Ancient Sumerian ship discovered in Iraq

(ORDO NEWS) — In Iraq, archaeologists have successfully carried out an operation to rescue and preserve an amazing artifact – a 4,000-year-old light ship that was discovered in the vicinity of the ancient Sumerian capital.

According to The History Blog, a unique 4,000-year-old watercraft has been discovered by an international team of archaeologists near the ancient city of Uruk in southern Iraq. The team conducted a special rescue operation, as the unique artifact was threatened with complete destruction.

This ancient vessel was first seen back in 2018. It was found by archaeologists excavating ancient irrigation canals in the archaeological buffer zone around Uruk.

As a result, not only numerous canals were discovered, but also the remains of settlements that were located near this ancient capital of the Sumerians. By the way, the population of this city reached 80 thousand people, which made it the largest metropolis of its time.
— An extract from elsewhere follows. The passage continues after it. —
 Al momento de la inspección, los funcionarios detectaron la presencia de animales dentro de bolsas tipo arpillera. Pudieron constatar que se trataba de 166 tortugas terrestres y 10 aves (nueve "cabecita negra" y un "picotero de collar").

As for the ship, it was rather a very large boat. Unfortunately, its sides were subjected to powerful erosion. Therefore, from the moment of discovery, archaeologists only closely monitored the state of the artifact, not daring to excavate. And only in March 2022, the rescue operation began.

Judging by the description, the boat is almost completely preserved, but it is rather fragile, as it is made of organic material. According to experts, reeds and palm leaves were used as building material, and the surface was covered with bitumen. The ship was seven meters long and 1.4 meters wide.
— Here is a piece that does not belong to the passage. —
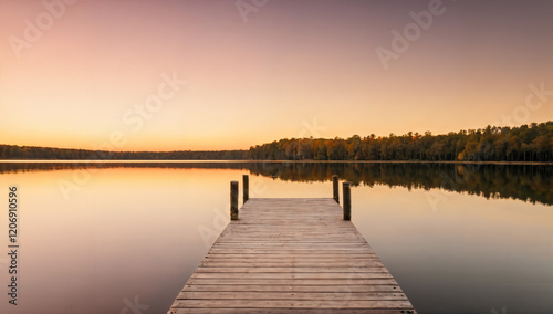 Naklejka premium A tranquil evening on a wooden dock overlooking a serene lake

Organic materials have not been preserved, therefore, scientists judge the size and shape of the vessel only by the bitumen layer that has survived to this day, the thickness of which did not exceed 1 cm. Organic remains were preserved only in the form of imprints on bitumen.

Probably, the boat sank near the river bank and turned out to be silted up. Archaeologists covered it with a shell of clay and gypsum, which made it possible to create a kind of sarcophagus for stabilization.

This “sarcophagus” helped to excavate and remove the boat from the petrified river silt. It will be fully restored and put on public display at the Iraqi Museum in Baghdad.